Falvey, a former SVB worker who launched his own fund in 2018, pointed to the highly interconnected nature of the tech investing community as a key reason for the bank’s sudden demise.

Outstanding funds including Union Square Ventures and Coatue Management blasted emails to their entire rosters of startups in recent days, instructing them to tug funds out of SVB on concerns of a bank run. Social media only heightened the panic, he noted.

“While you say, `Hey, get your deposits out, this thing is gonna fail,’ that is like yelling fire in a crowded theater,” Falvey said. “It is a self-fulfilling prophecy.”

One other enterprise investor, TSVC partner Spencer Greene, also criticized investors who “were mistaken on the facts” about SVB’s position.

“It appears to me that there was no liquidity issue until a few VCs called it,” Greene said. “They were irresponsible, after which it became self-fulfilling.”

‘Business as usual’

Thursday evening, some SVB customers received emails assuring them that it was “business as usual” on the bank.

“I’m sure you’ve got been hearing some buzz about SVB within the markets today so wanted to achieve out to supply some context,” one SVB banker wrote to a client, in accordance with a duplicate of the message obtained by CNBC.

“It’s business as usual at SVB,” the banker wrote. “Understandably there could also be questions and I intend to make myself available if you might have any concerns.”

By Friday, as shares of SVB continued to sink, the bank ditched efforts to sell shares, CNBC’s David Faber reported. As an alternative, it was searching for a buyer, he reported. However the flight of deposits made the sale process harder, and that effort failed too, Faber said.

A customer stands outside of a shuttered Silicon Valley Bank (SVB) headquarters on March 10, 2023 in Santa Clara, California.

Justin Sullivan | Getty Images

Falvey, who began his profession at Wells Fargo and consulted for a bank that was seized in the course of the financial crisis, said that his evaluation of SVB’s mid-quarter update from Wednesday gave him confidence.
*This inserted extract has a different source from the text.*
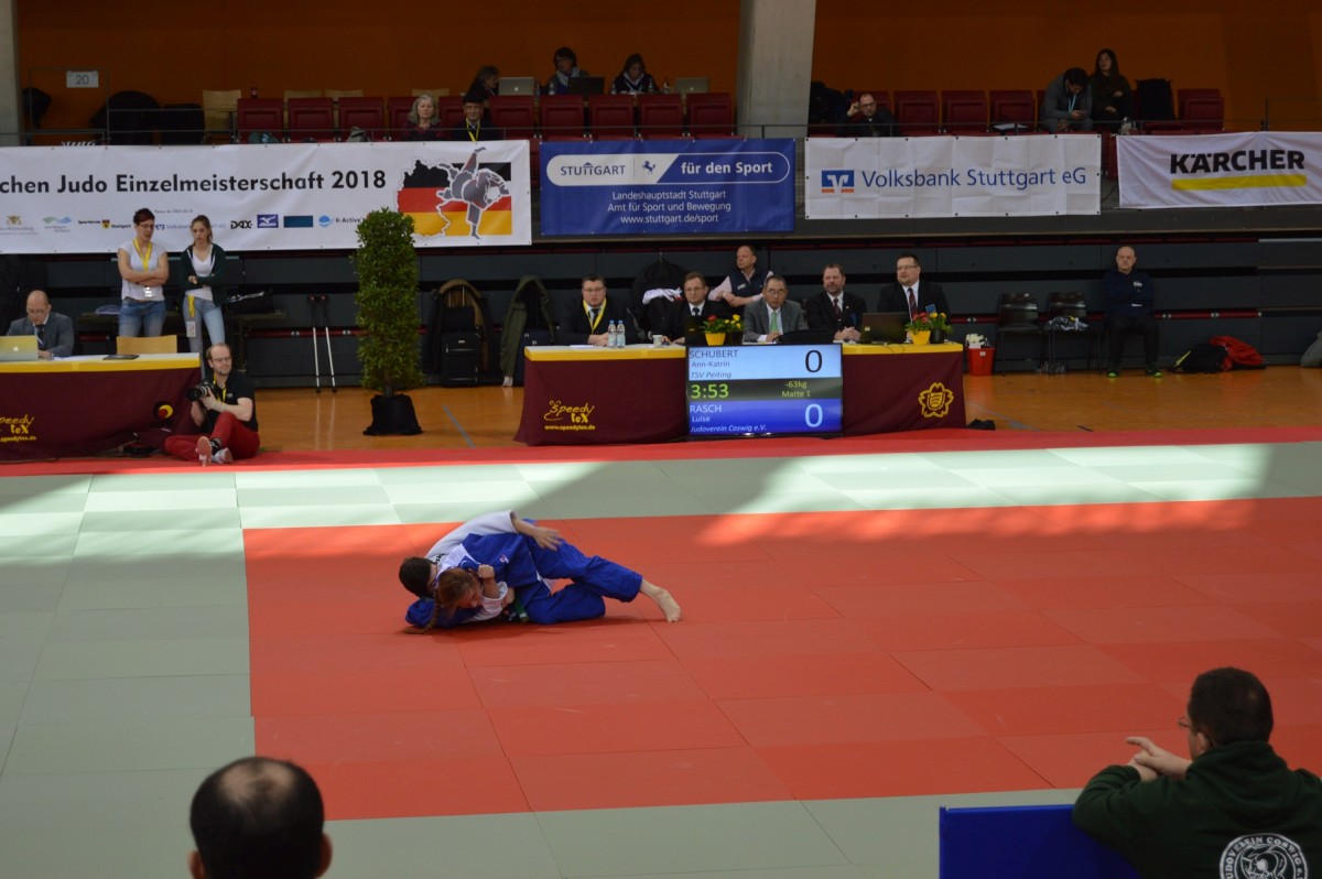 Nachdem Luise in ihrem ersten Kampf nach 7 Sekunden mit Waza ari nach Harai Goshi (Foto oben) in Führung ging, musste sie die Gnadenlosigkeit bei Deutschen Meisterschaften erleben. Nach einem missglückten Wurfansatz waren beide Sportlerinnen bereits am Boden, Luise wollte in den Bodenkampf gehen und ihre Gegnerin nutzte diesen Moment aus, um nachzusetzen und gewann somit diesen Kampf. Da die Gegenerin ihren nächsten Kampf gegen die spätere Deutsche Meisterin in dieser Gewichtsklasse, Martyna Trajdos, verlor, hatte Luise nicht die Gelegenheit, in der Trostrunde ihr Können weiter unter Beweis zu stellen.

The bank was well capitalized and will make all depositors whole, he said. He even counseled his portfolio firms to maintain their funds at SVB as rumors swirled.

Now, because of the bank run that led to SVB’s seizure, those that remained with SVB face an uncertain timeline for retrieving their money. While insured deposits are expected to be available as early as Monday, the lion’s share of deposits held by SVB were uninsured, and it’s unclear once they might be freed up.

“The precipitous deposit withdrawal has caused the Bank to be incapable of paying its obligations as they arrive due,” the California financial regulator stated. “The bank is now insolvent.”

Silicon Valley Bank meltdown: Contagion risk or contained?